Hint: Instead of using
sum( case results when 'Fail' then 1 else 0 end ) as failures
you can use count(*) filter (where results = 'Fail')
Analytical Questions: Using the previous row#
At a given date, number of days since the last inspection?
select
entity_id,
date as inspection_date,
lag(date, 1) over w1 as previous_inspection,
age(date, lag(date,1) over w1) as time_since_last_inspection
from semantic.events
where facility_type = 'wholesale'
window w1 as (partition by entity_id order by date asc)
order by entity_id, date asc ;
Analytical Questions: Using some other rows#
Number of violations in the last 3 inspections
with violations as (
select
event_id,
entity_id,
date,
jsonb_array_elements(violations) as violations
from semantic.events
),
number_of_violations as (
select
event_id,
entity_id,
date,
count(*) as num_of_violations
from violations
group by event_id, entity_id, date
)
select
entity_id,
date,
num_of_violations,
sum(num_of_violations) over w as running_total,
array_agg(num_of_violations) over w as previous_violations
from number_of_violations
where entity_id = 11326
window w as (partition by entity_id order by date asc rows between 3 preceding and 1 preceding)
Hands-on
Estimated time: 5 minutes
- Which are the facilities with more changes in the
risk
column (i.e. lower -> medium, medium -> high, high -> medium)? Could you count how to many changes where "up" and how many where "down"?
with risks as (
select
date,
entity_id,
risk,
lag(risk,1) over w as previous_risk
from semantic.events
window w as (partition by entity_id order by date asc)
)
select
extract(year from date) as year,
entity_id,
count(case
when risk = 'high' and previous_risk = 'medium' then 1
when risk = 'medium' and previous_risk = 'low' then 1
end) as up,
count(case
when risk = 'medium' and previous_risk = 'high' then 1
when risk = 'low' and previous_risk = 'medium' then 1
end) as down
from risks
group by entity_id, extract(year from date)

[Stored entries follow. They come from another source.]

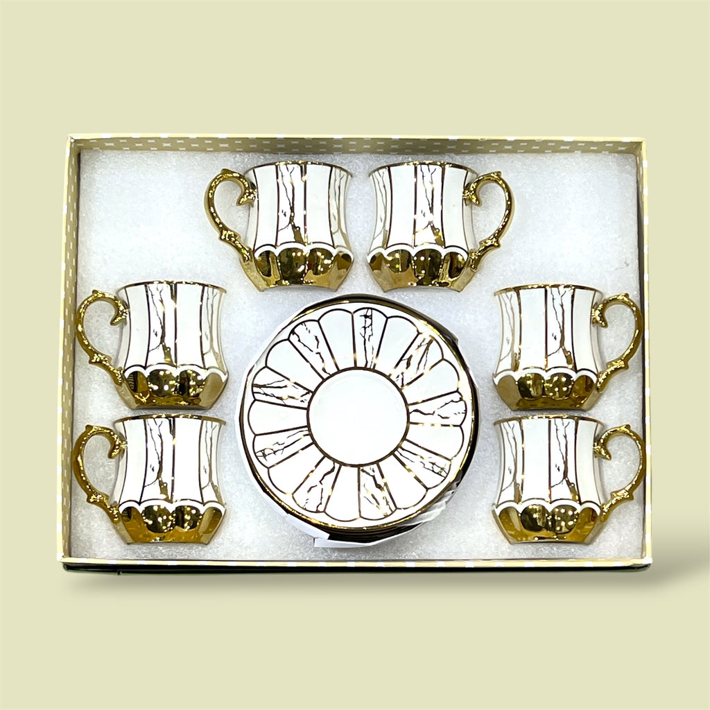 Elevate your tea service with this sophisticated Royal 6-Piece Cup & Saucer Set, meticulously crafted for discerning hosts and tea enthusiasts. Each set includes three matching cups and saucers, designed with refined proportions that enhance both the ritual and enjoyment of tea. The elegant presentation makes it an ideal gift for special occasions, while the durable construction ensures lasting beauty through years of use. Perfect for entertaining guests or creating a curated table setting that reflects your refined taste.
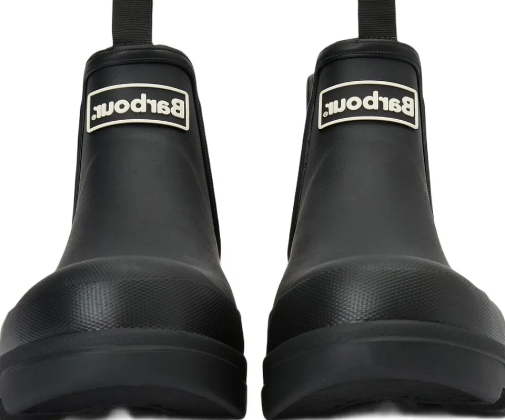 Gummistøvle fra Barbour i en lækker kvalitet. Gummistøvlen er kort i modellen med en let afrundet snude, logodetalje, elastik i siderne samt en grov, præget sål. En lækker gummistøvle af den bedste kvalitet.
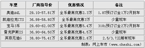 据北京地区奥迪销售人员介绍,目前2011款奥迪A4L 2.0T尊享型现金优惠高达2.3万元,展厅现售价仅为44.82万元。现车数量有限,售完为止。另外,店内还提供免费新车置换服务,通过置换方式购车的客户可额外赠送全年车辆保险。对奥迪A4L感兴趣的朋友,不妨致电经销商咨询详情。
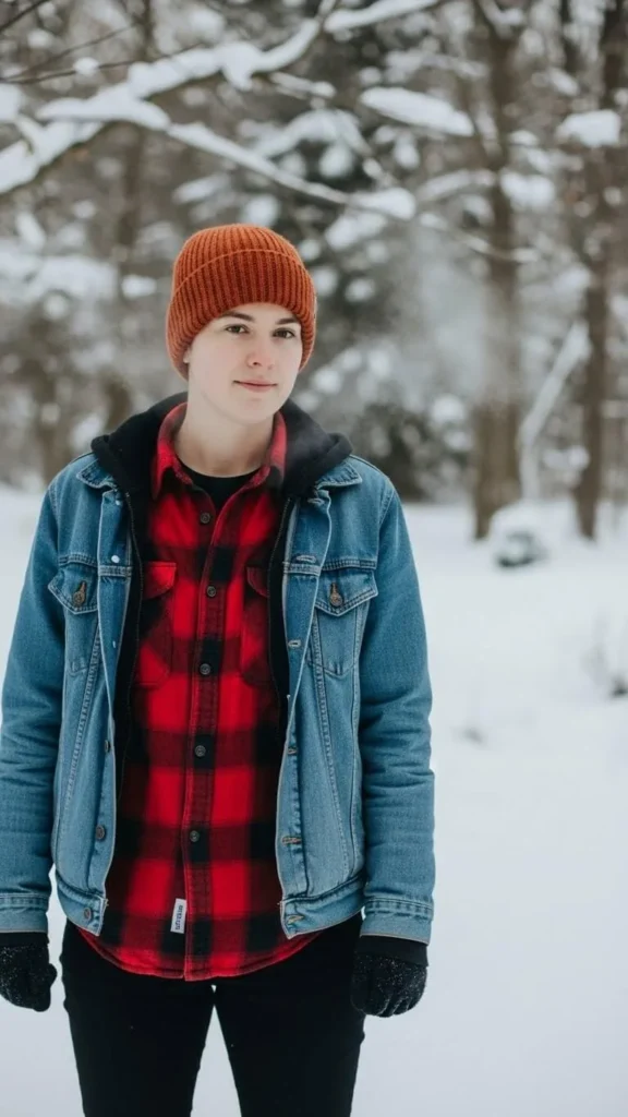 Flannel under denim is a classic that screams laid-back winter style. Throw on a knit beanie in a warm rust or orange shade to feel cozy and youthfully stylish. Both flannel shirts and denim jackets can be found at good prices secondhand. Customize your beanie with simple stitched patterns in contrasting thread colors.
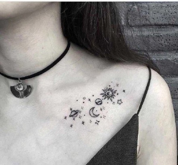 锁骨刺青:纹在女生锁骨处的小清新纹身图案9张
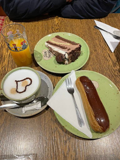 Read moreBelle découverte, Nous sommes venus là le dimanche 27/11 beaucoup de monde partout dans ce charmant village avec le beau temps alors nous cherchions un endroit pour boire une verre et manger un petit truc vite fait, nous avons été surpris par la rapidité du service!!! Avec le monde et notre attablée de 7 nous pensions attendre un moment avec la commande de plusieurs crêpes, mais pas du tout! Tout le monde a adoré, certains ont pris des parts de tartes un vrai délice ! Le personnel au service super franchement nous sommes repartis ravis. Juste une petite suggestion : nous n’avions pas vu qu’il y avait un étage et pensions au départ qu’il serait compliqué de tous pouvoir s’installer ensemble, au final beaucoup de place à l’étage et très bien installé par ailleurs, en repartant j’ai vu un couple qui attendait devant la terrasse en recherchant une place, je leur ai dit qu’il y avait de la place à l’étage, ils étaient contents car eux aussi n’avait pas remarqué qu’il y avait un étage, donc effectivement j’ai vu la petite pancarte après coup indiquant étage ouvert, mais ça serait peut être mieux d’en faire une plus grosse et de la placer peut être sur la terrasse afin d’éviter de perdre quelques clients qui pourraient penser qu’il n’y a pas...
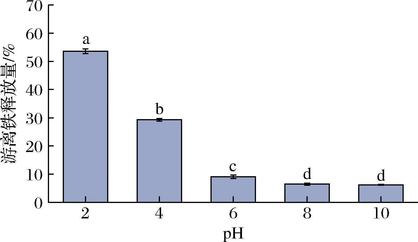 如图10所示,随着pH值的升高,FPMH-Fe的游离铁释放量呈先降低后不变的总体趋势。在强酸性条件下(pH值为2),游离铁释放率达到最高值(53.58±1.47)%。这表明在较低的pH条件下,FPMH-Fe螯合物的稳定性较差,导致Fe2+从螯合物中解离出来。其可能原因是高浓度的H+能将肽从其与Fe2+的结合位点上置换出来[11]。而在接近中性和碱性条件下,FPMH-Fe螯合物表现出较高的稳定性,游离铁释放率均保持在较低水平(约7%)。
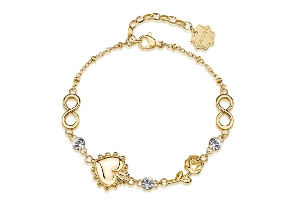Pozlátený náramok srdce, nekonečno, ruža Brosway Chakra BHKB282
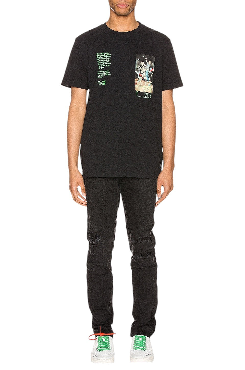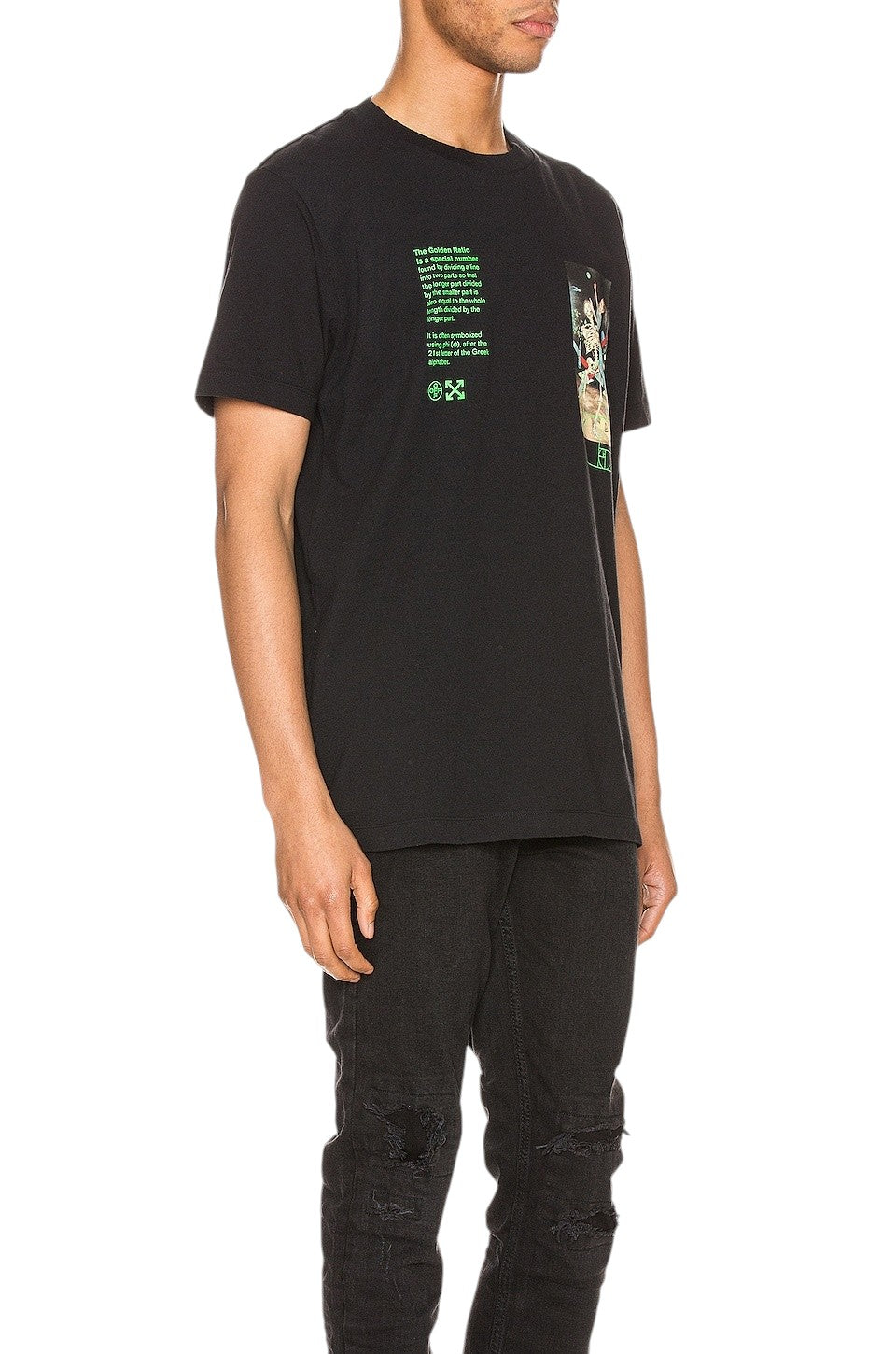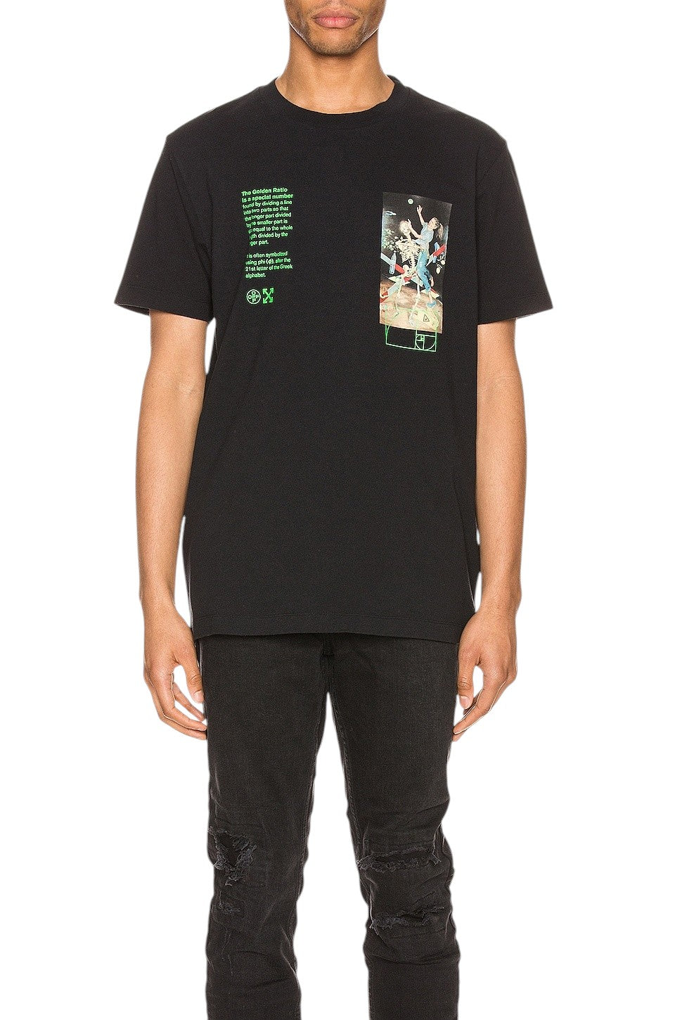 Сюрреалістична модель SS20 з ребристим коміром та прикрашена неоновим зеленим написом "Golden Ratio" спереду та ззаду. Малюнок від Off-White зображує дівчину в культовому індустріальному поясі бренду, яка бореться зі скелетом на грудях цієї футболки.
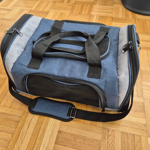 Muovinen harmaa kuljetuslaatikko lemmikille. Laatikossa on kantokahva päällä ja edessä ritilällinen ovi ilmanvaihtoaukoilla. Pohja on muotoiltu siten, että se on helppo puhdistaa. Soveltuu esimerkiksi kissan tai pienen koiran kuljettamiseen lyhyillä matkoilla, eläinlääkärikäynneillä tai säilytykseen kotona.

order by year, up desc, down desc
limit 10
SQL "for loops"#
Let's try to solve the following: For each facility still active, with less than 1 year, In which failed inspection they got the most violations inspected?
One way to solve this is using LATERAL
joins
select
entity_id as facility,
start_time,
date as inspected_at,
event_id as inpection,
number_of_violations
from (
select
entity_id,
start_time,
date_part('year', age(now(), start_time)) as years_in_service
from semantic.entities
where
end_time is null -- Still active
group by entity_id, start_time
having date_part('year', age(now(), start_time)) < 1
) as facilities,
lateral ( --subquery
select
event_id,
date,
jsonb_array_length(violations) as number_of_violations
from semantic.events
where
entity_id = facilities.entity_id
and result = 'fail'
group by event_id, date, violations
order by 3
desc limit 1
) inspections
order by number_of_violations desc;
results = []
for entity_row in semantic.entities:
for inspection_row in subquery:
results.append( (entity_row, inspection_row) ) # We are doing more complicated things, but is just an example
Meaning in text#
Which are the most common words descriptions of the violations?
Full Text Search#
PostgreSQL has a lot of capabilities for working with text data (fuzzy search, n-grams, etc) that you can use for searching inside the text.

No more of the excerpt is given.